There are very few things that all college students can universally relate to. But the dread that comes with writing a cover letter is one of them. You want every word to communicate your impeccable qualifications and your life-long desire to work for *insert company name here*. When done right, a great cover letter can be the key to securing that "perfect summer internship." Therefore, a lot is riding on the quality of this cover letter. By the time you finally sit down to write it, the pressure of the cover letter manifests itself in keyboard smashing, a dose of ibuprofen, and a half-hearted surrender after two hours of composing the same paragraph over and over again. I have gone through this process about twenty times in the last three months. And while it does not necessarily get easier, I have learned a few lessons along the way that I want to share with anyone who is searching for that "perfect summer internship."

The first thing I learned is that there are a right way and a wrong way to go internship hunting. At the beginning of my search, I would just spend hours refreshing the same Indeed.com page, hoping that by some miracle the right opportunity would materialize itself amongst 60,000 search results. After two weeks of burning my retinas from scouring online job boards, I realized that just applying online was getting me nowhere. Granted, sometimes you get lucky and the right job is at the top of the page, but most of the time finding the right opportunities takes a lot more leg work. The best way to find an internship opportunity is by closing your laptop. Use the opportunities you have on campus by going to a career fair hosted by your university, put on your most sensible button-down, and network with campus recruiters. It can even be as simple as talking to your upperclassmen friends about their internship experiences. No matter what, a real person referral will always be better than sending off an application into the deep abyss that is a g-mail inbox.

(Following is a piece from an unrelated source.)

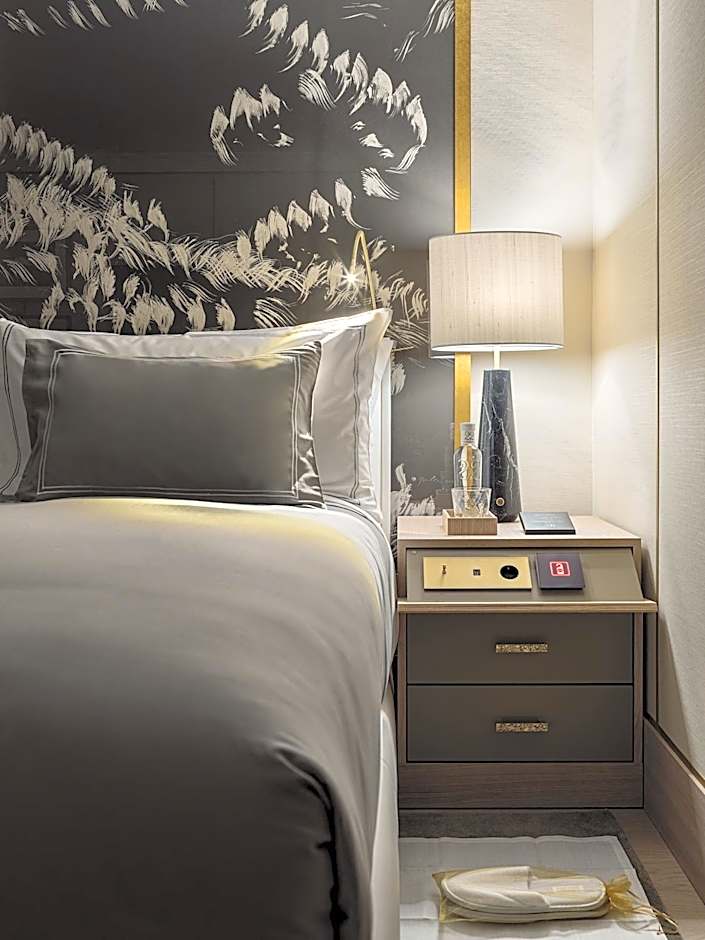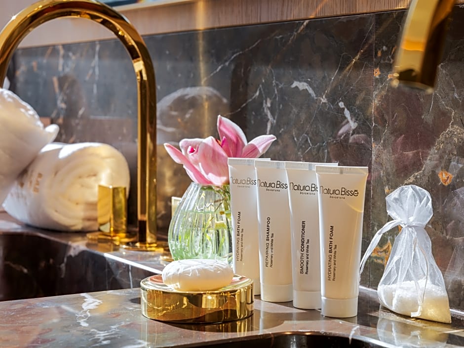 Located on the central façade of the building, this spacious 131 ft² suite comes with 1 double bedroom and a marble bathroom with a rainfall shower and an elegant white bath. There is a 55-inch smart TV with international channels, a media hub with international plug sockets and a Nespresso Coffee Machine.

Okay, so after successfully networking like a real ~adult~, it came time for me to start submitting applications. This is where the all-important—and all-anxiety-inducing—cover letter comes back in. I have written 25 cover letters throughout this entire application process (some organizations had multiple open positions under the same application). In all these letters, I have learned that the task of writing the cover letter, or even filling out the application, does not get any easier, but your attitude can make the whole task less daunting. If you approach every cover letter like it’s the make or break test for your entire future, then the pressure will be paralyzing. And while yes, the cover letter is important, it also doesn’t mean anything in the present moment. At this stage of your life as a college student, you don’t have a career at stake or people depending on you, so you have the luxury of being unflinchingly sincere in your letter. You can talk about what you want to learn on the job and what you bring to the table. Talk about how this internship opportunity will help you grow and achieve your goals in college. Talk about why you connect with the organization, even if it's not on a very deep level at this point. No matter what, just keep a positive attitude about the whole internship application process, and the right doors should open themselves. So let your guard down a little and let the person on the other side of the application get to know you. You have nothing to lose and everything to gain.

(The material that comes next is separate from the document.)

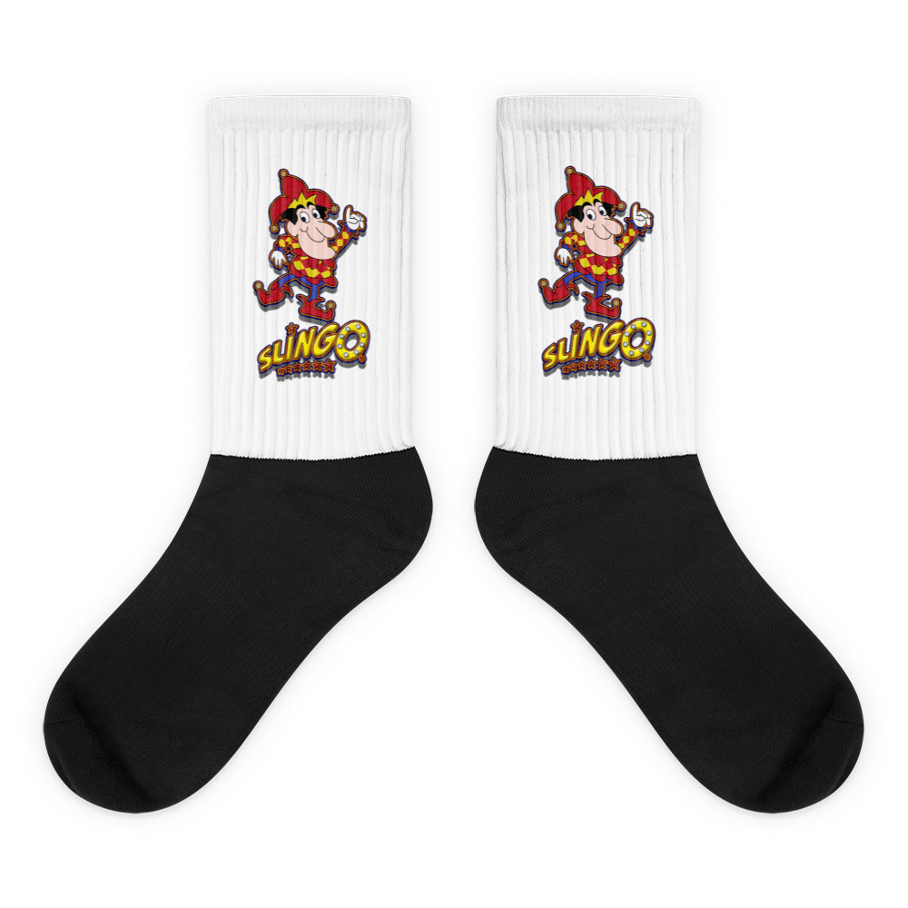 These socks are extra comfortable thanks to their cushioned bottom. The foot is black with artwork printed along the leg with crisp, bold colors that won’t fade.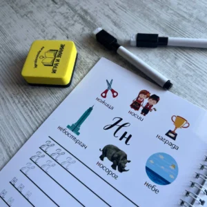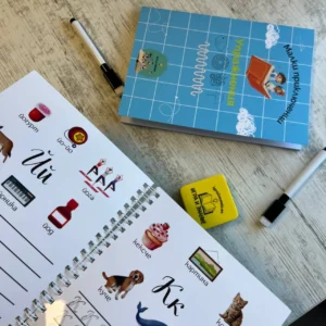 Изтриваема книжка с 36 цветни страници, създадена да направи ученето на буквите лесно и приятно.

Finally, I hit submit, nailed the interview, and walked away feeling confident that I got the job. But then, two weeks later, I got an email that stated "unfortunately, we are unable to offer you a position at this time." I was dumbfounded; I did everything right, so how could they have rejected me? This brings me to my next point—despite everything you can do, the internship application process will always be partly out of your control. You relinquish all power once you finish the application. And even though you did everything right, you might not get the internship for reasons that have nothing to do with you. For example, last week I found out that I didn’t get an internship with a media company in my hometown simply because they decided there was no money in the budget to hire a part-time intern. The initial moments after receiving the rejection sucked, and it stung because I really wanted that position and worked so hard to only have it pulled out from under me at the last minute. But after these first feelings of disappointment, I made the decision to move on. As important as it is to try hard in the internship application process, it's equally as important to move on after a rejection. Nothing in life is ever truly in your control anyway. So take the rejections in stride, keep moving forward, and celebrate when that internship finds you—because it will.

man with hand extended to shake hand

As of right now, I have yet to secure a summer internship, but as the days grow longer and the summer draws closer, I find that I'm no longer nervous about finding "the perfect internship" because "the perfect internship" doesn’t exist. In truth, it has never truly existed for anyone who has gone through this process. Perfect is a relative term and no matter how good a position may seem, there will always be at least one drawback. However, despite all this, I have faith that if I just keep networking, stay authentic, and never give up, then the right opportunity will present itself to me when I least expect it.